Step 9. Modify the PCRF_config.xml and remove the cloud user-data file for Cluster Manager vm group. Sample xml snippet that is to be removed is shown here:

    <config_data>
                  <configuration>
                    <dst>--user-data</dst>
                    <file>file:///opt/cisco/esc/cisco-cps/config/pcrf-cm_cloud.cfg</file>
                    <variable>
                      <name>CLUSTER_ID</name>
                      <val>P1</val>
                    </variable>
                    <variable>
                      <name>CM_IP_ADDR_PVT</name>
                      <val>192.168.1.107</val>
                    </variable>
                    <variable>
                      <name>PREFIX</name>
                      <val>vpc</val>
                    </variable>
                    <variable>
                      <name>SEQ</name>
                      <val>01</val>
                    </variable>
                    <variable>
                      <name>SITE_ID</name>
                      <val>DE</val>
                    </variable>
                  </configuration>
                </config_data>

Step 10. Copy the file PCRF_config.xml to /opt/cisco/esc/cisco-cps/config/ folder where all other configuration files are present.

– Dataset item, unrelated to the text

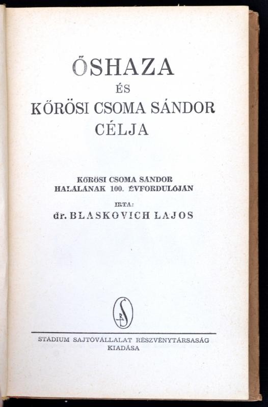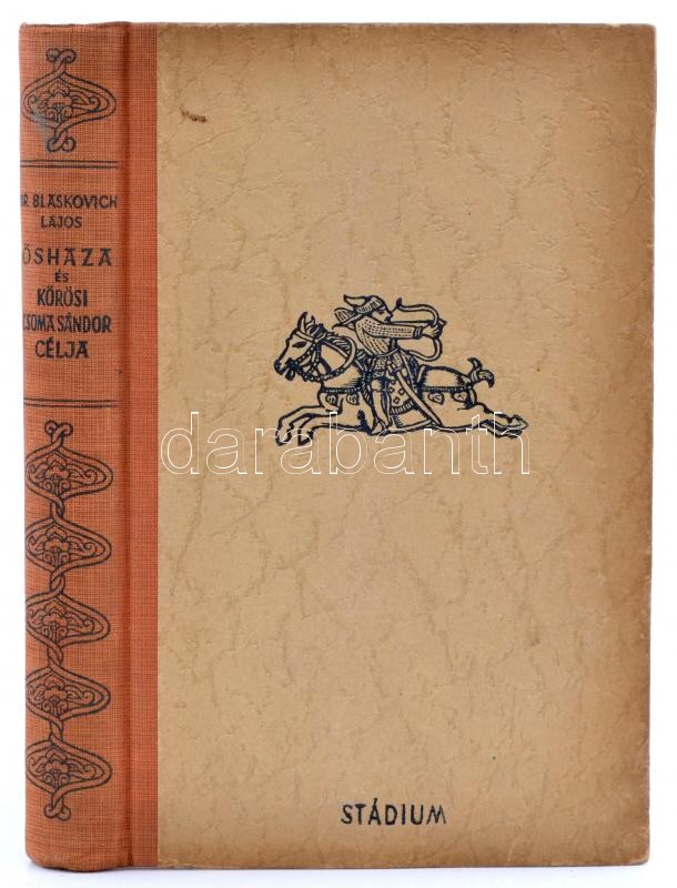 Dr. Blaskovich Lajos: Őshaza és Kőrösi Csoma Sándor célja. Körösi Csoma Sándor halálának 100. évfordulóján. Bp., (1942), Stádium Sajtóvállalat Rt., 230 p. + 8 t. Kiadói félvászon kötésben, kis kopásnyomokkal.

Step 11. Load Merge the new configuration file to ESC opdata.

/opt/cisco/esc/confd/bin/confd_cli -u admin –C
esc-ha-01# config
esc-ha-01(config)# load merge /opt/cisco/esc/cisco-cps/config/PCRF_config.xml
esc-ha-01(config)# commit
esc-ha-01(config)# exit

Step 12. Monitor the yangesc.log, escmanager.log on ESC and nova list on OSPD to verify deployment of Cluster Manager.

source /home/stack/destackovsrc-Pcrf
nova list --fields name,status| grep cm
| 96a5647e-9970-4e61-ab5c-5e7285543a09 | cm_0_a11a9068-df37-4974-9bd8-566f825d5e39    | ACTIVE

Step 13. If, Cluster Manager changes state to ACTIVE after rebuild, check the state of instance in ESC and Enable VM Monitor in ESC if required.

echo "show esc_datamodel opdata tenants tenant Pcrf deployments * state_machine | tab" | /opt/cisco/esc/confd/bin/confd_cli -u admin –C | grep cm
cm_0_170d9c14-0221-4609-87e3-d752e636f57f VM_ERROR_STATE
/opt/cisco/esc/esc-confd/esc-cli/esc_nc_cli vm-action ENABLE_MONITOR cm_0_170d9c14-0221-4609-87e3-d752e636f57f

Step 14. Attach backup disks or any other Cinder volume previously attached to Cluster Manager Instance and not auto attached by esc in previous step.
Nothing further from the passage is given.